Durante junio, Guadalajara aumentó un 11,5% la cantidad de pasajeros internacionales y un 3,4% los nacionales, con un crecimiento total del 6%.
Ciudad de México tuvo una suba del 1,5% en pasajeros internacionales y del 4,5% en nacionales, mientras que su tráfico total avanzó un 2,2%.
Monterrey registró un crecimiento del 10,3% en pasajeros internacionales y del 1,6% en nacionales. Sin embargo, el movimiento total aumentó apenas un 0,3%, debido a una menor dinámica en otros segmentos del mercado.
Un Mundial dentro de un año récord para el turismo mexicano
El resultado del torneo contrasta con el desempeño general del turismo mexicano durante 2026.
Entre enero y mayo, el país recibió 42,87 millones de viajeros internacionales, un 8,8% más que durante el mismo período de 2025. En esos cinco meses, los ingresos por turismo internacional alcanzaron los USD 15.869 millones.
Esto indica que la menor llegada asociada al Mundial no necesariamente representa una crisis del turismo mexicano, sino una sobreestimación del efecto incremental que tendría el torneo.
México ya contaba con un volumen elevado de visitantes antes del evento.

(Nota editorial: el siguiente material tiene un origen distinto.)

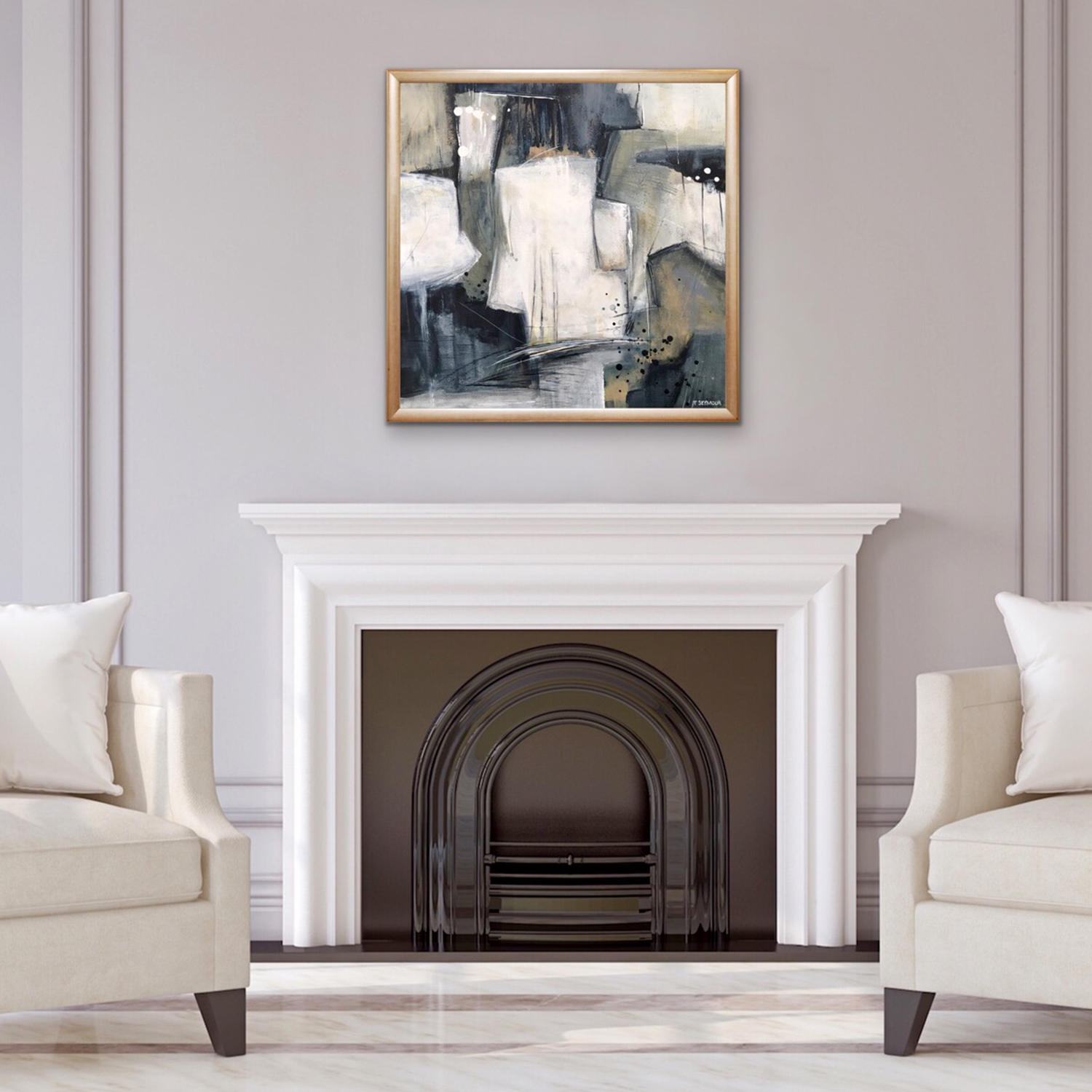The strong brushstrokes of deep greys are balanced with the softness of the whites and creams. Subtle lines and streaks adorn the canvas adding form and balance linking these wonderful colours together.

El desafío consistía en determinar cuántos viajes adicionales podía generar realmente una competencia en la que el país organizó solo 13 de los 104 partidos.
El balance de Deloitte deja así una advertencia para futuros megaeventos: la visibilidad internacional y los picos de consumo no garantizan por sí solos millones de turistas adicionales. La disponibilidad de entradas, los precios, la conectividad, la duración de las estadías y la capacidad de distribuir visitantes hacia otros destinos terminan siendo tan importantes como el atractivo deportivo.